However some varied explorationrelated work has been undertaken. In this presentation I will present the results of fieldwork undertaken within the Zagros fold belt. The work examined the Asmari stratigraphy in two incised valleys, in order to build up a sequence stratigraphic framework that was later integrated with structural mapping. The aim was to identify whether certain intervals were more prone to particular types of fracturing (previously presented at the CSPG Structural Division by Ben Stephens of Shell Canada). I will concentrate on the sedimentology of the Asmari Formation, and how the field data was used to build a three-dimensional model

of the Asmari Limestone throughout the Zagros, which is more than 1,000 km long.

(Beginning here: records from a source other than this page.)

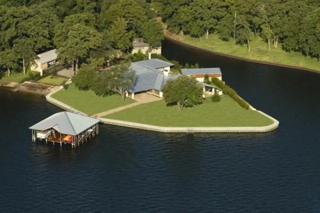 PURE PARADISE. One cannot describe this home in the traditional sense as much of the living takes place outside on the huge private point this home rests on. This private and secluded setting encompasses approximately .40 acres with more than 449 feet of protected shoreline. Amenities include end of cul-de-sac, private gated entrance, Austin stone exterior, metal roofing, cedar accents, granite counters, huge covered gathering area, four bedrooms, four and one-half baths, separate waterside guest suite, outdoor kitchen, sandy beach, and views over shimmering open water from almost every room in this remarkable lake home. Superb private boating facility includes 2 full sized boat slips, four power watercraft lifts, expansive deck area, and metal roof. A perfect one-of-a-kind primary or vacation residence with an exquisite location to enjoy a relaxed and fabulous lake lifestyle. Pure paradise!!! Inquiry Code: 63890
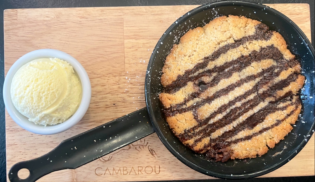 Délicieux cookie à la poêle avec sa boule de glace. Bon service
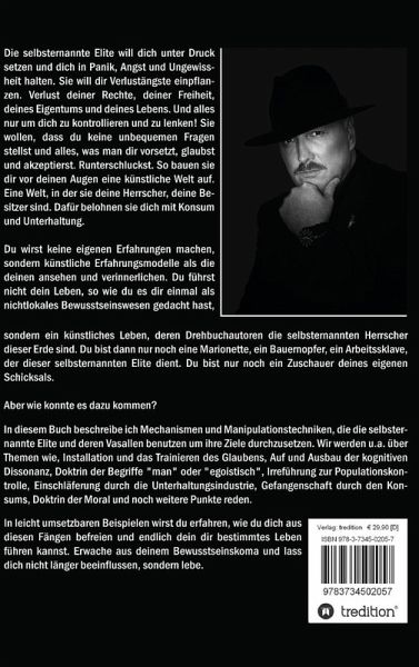 In diesem Buch beschreibe ich Mechanismen und Manipulationstechniken, die die selbsternannte Elite und deren Vasallen benutzen um ihre Ziele durchzusetzen. Wir werden u.a. über Themen wie, Installation und das Trainieren des Glaubens, Auf und Ausbau der kognitiven Dissonanz, Doktrin der Begriffe "man" oder "egoistisch", Irreführung zur Populationskontrolle, Einschläferung durch die Unterhaltungsindustrie, Gefangenschaft durch den Konsums, Doktrin der Moral und noch weitere Punkte reden.
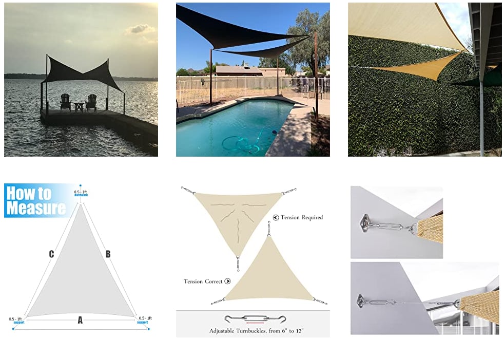 - Match the sun shade sail of different sizes or colors, giving you a larger and more beautiful shading area.

Another project examined the Lorestan Province, which lies at the western end of the Iranian Zagros mountains. Only three fields have been discovered in Lorestan, in contrast to the area immediately to the southeast, and hence a dry-well analysis was undertaken on 29 wells in the region. The target reservoir interval is the Bangestan Group, comprising three formations. Two productive platform limestones, the Sarvak and the Ilam, are separated by the Surgah Shale. Porosities in the Sarvak average around 3%, and in the Ilam around 8%, enhanced by fracturing.

The initial results of the dry-well analysis showed that several of the wells produced gas in the ranges of 1-10 million standard cubic feet per day ( mmscf/d), and most of the wells had shows of oil and/or gas. Three fields had producible hydrocarbons, two gas fields with an oil rim, and one oil field with a gas cap. Plotting the producing wells (with a cutoff of 1 mmscf/d) against depth of burial, a striking pattern emerged. The wells only produced significantly where the top reservoir was more than 500 m below sea level. Further work led to a surprising interpretation.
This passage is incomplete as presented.